_TASK_: Omit the pictures and return exactly the stretch of the material below from the line with "回應:L9經過中保研和C-N" through the line with "Чтение слов, в".

_EXCERPTED RECORDS_:

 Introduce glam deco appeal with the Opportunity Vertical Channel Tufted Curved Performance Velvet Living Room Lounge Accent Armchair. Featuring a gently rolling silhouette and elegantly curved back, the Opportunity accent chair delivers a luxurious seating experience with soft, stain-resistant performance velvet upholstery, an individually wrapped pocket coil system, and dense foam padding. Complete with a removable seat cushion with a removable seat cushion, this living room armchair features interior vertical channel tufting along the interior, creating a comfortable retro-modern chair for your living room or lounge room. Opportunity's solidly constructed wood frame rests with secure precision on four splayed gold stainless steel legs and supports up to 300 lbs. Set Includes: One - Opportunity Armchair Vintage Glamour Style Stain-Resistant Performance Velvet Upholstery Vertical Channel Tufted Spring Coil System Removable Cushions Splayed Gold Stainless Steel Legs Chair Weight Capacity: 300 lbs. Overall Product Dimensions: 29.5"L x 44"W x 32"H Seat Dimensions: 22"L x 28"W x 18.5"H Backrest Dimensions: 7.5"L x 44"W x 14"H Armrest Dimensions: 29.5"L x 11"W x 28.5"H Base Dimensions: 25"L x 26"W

* * *

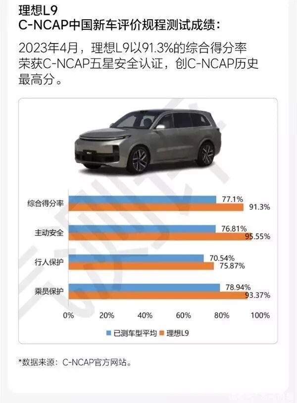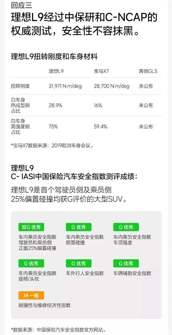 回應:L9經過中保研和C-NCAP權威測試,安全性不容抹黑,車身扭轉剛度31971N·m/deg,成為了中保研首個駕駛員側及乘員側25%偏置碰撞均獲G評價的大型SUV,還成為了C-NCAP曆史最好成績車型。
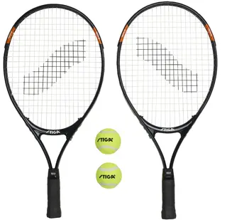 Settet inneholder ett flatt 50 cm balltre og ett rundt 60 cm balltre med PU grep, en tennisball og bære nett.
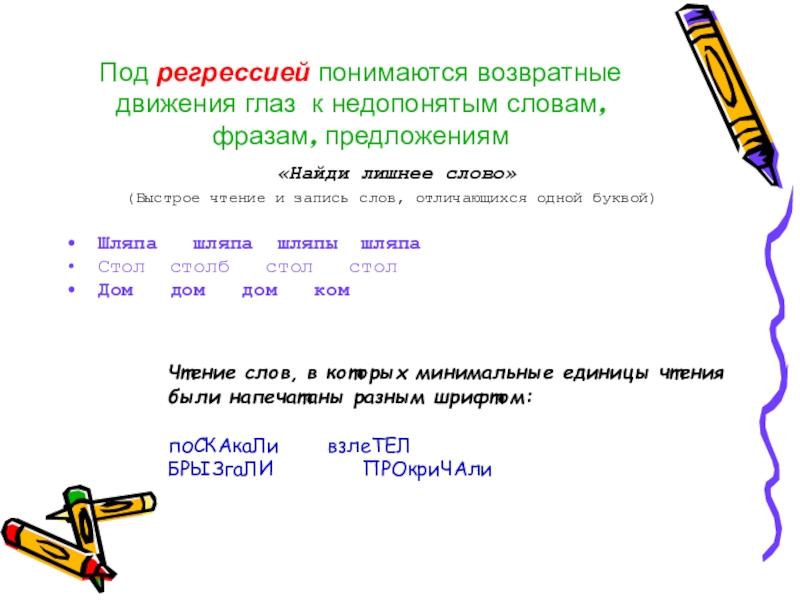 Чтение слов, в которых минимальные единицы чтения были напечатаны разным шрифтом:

_ANSWER SECTION_:
 回應:L9經過中保研和C-NCAP權威測試,安全性不容抹黑,車身扭轉剛度31971N·m/deg,成為了中保研首個駕駛員側及乘員側25%偏置碰撞均獲G評價的大型SUV,還成為了C-NCAP曆史最好成績車型。
 Settet inneholder ett flatt 50 cm balltre og ett rundt 60 cm balltre med PU grep, en tennisball og bære nett.
 Чтение слов, в которых минимальные единицы чтения были напечатаны разным шрифтом:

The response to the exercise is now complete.